Das erste Thema konnten die Schüler textimmanent behandeln, das zweite hatten sie bereits im Unterricht angerissen, das dritte ist ein Klassiker, und das vierte – so dachte ich – war so richtig spannend, inklusive selbst nachdenken.
Wie mein Mitbewohner prognostiziert hatte, nahm kein einziger Schüler das Film-Thema.

Die letzten beiden Wochenenden durfte ich dann wieder bei der Beurteilung der Aufsätze mitreden. Es gab einige Diskussionen.

Belohnung genug ist, wenn einer der Aufsätze mit dem hinreißenden Satz endet:
„Hat Goethe hier wirklich ins Fettnäpchen der Kritiker gelangt?“

die Kaltmamsell

5 Kommentare zu „Macht“

  1. Uceda meint:

    Ganz kurz:

    1. Wie bei jeder dummen Schmonzette, ist der Trailer das einzig senkrechte.

    2. Die des Faust, würde ich mal sagen. Weil es die ungleich bessere Rolle des Dr. Strangelove nicht gibt.

    3. "Wer stetig strebend sich bemüht, den können wir erhören"
    – ja, so stellt sich die Pfarrerhaushälterinstochterseele aus Buxheim das Finale vor, aber man möchte gegen diesen feuchten Katholenausstoss mit dem Herrn M, antworten:
    Misstöne hür ich, garstiges Geklimper,
    von oben kommt´s mit unwillkommnen Tag,
    es ist dies bübisch-mädchenhafte Gestümper,
    wie frömmelndem Geschmack sich´s lieben mag.
    BÄH!

    4. Weil, um mit Börne zu sprechen, Goethe den deutschen Geist in Fesseln gelegt und verkümmern hat lassen – andere Geister waren ihm wurscht- , Shakespeare dagegen den Menschen universell sieht, was nach Filmen schreit. Ausserdem ist Goethe Zeit seines verkorxten Lebens ein mehr oder weniger verkappter Frauenhasser und Kinderschänder gewesen, und die sind nun mal nicht Kinotauglich, zumindest nicht in einer Demokratie.

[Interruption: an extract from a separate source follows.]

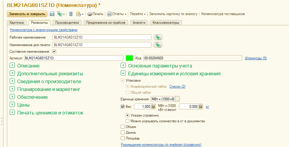 После записи основных реквизитов номенклатуры для продолжения ввода дополнительных данных будет автоматически установлен режим отображения всех реквизитов Показать все. Для ввода дополнительных данных удобно использовать режим с показом только названий групп реквизитов (Свернуть все группы), последовательно открывая группы реквизитов и заполняя в них данные.

  2. die Kaltmamsell meint:

    Du hast das jetzt aber nicht mit den Friday Five verwechselt, oder?
    Andererseits: Sowas könnten die Friday Four für ZEIT-Leser werden…

  3. Anke meint:

    So ne halbherzige Verfilmung von Faust gibt es — ist allerdings eher eine abgefilmte Theateraufführung.
    Und ob nun Goethe ein Frauenhasser und KInderschänder war, lasse ich mal dahingestellt. Trotzdem bin ich der Meinung, dass Faust ein ebenso universelles Drama ist wie Hamlet. Warum es nicht ebenso oft verfilmt wurde, ist mir auch ein Rätsel, aber ich denke da jetzt nicht auf zehn DIN A4-Seiten drüber nach :-)

  4. Jörg meint:

    Romeo und Julia, Hamlet oder Faust sind Archetypen. Elemente davon finden sich in vielen Werken. Insofern ist auch der Herr der Ringe eine Adaption des Faust-Themas.

  5. die Kaltmamsell meint:

    Ha! Danke, Jörg, das wäre ein pfiffiges Thema für den nächsten Kurs: Ist LOTR eine Faust-Verfilmung?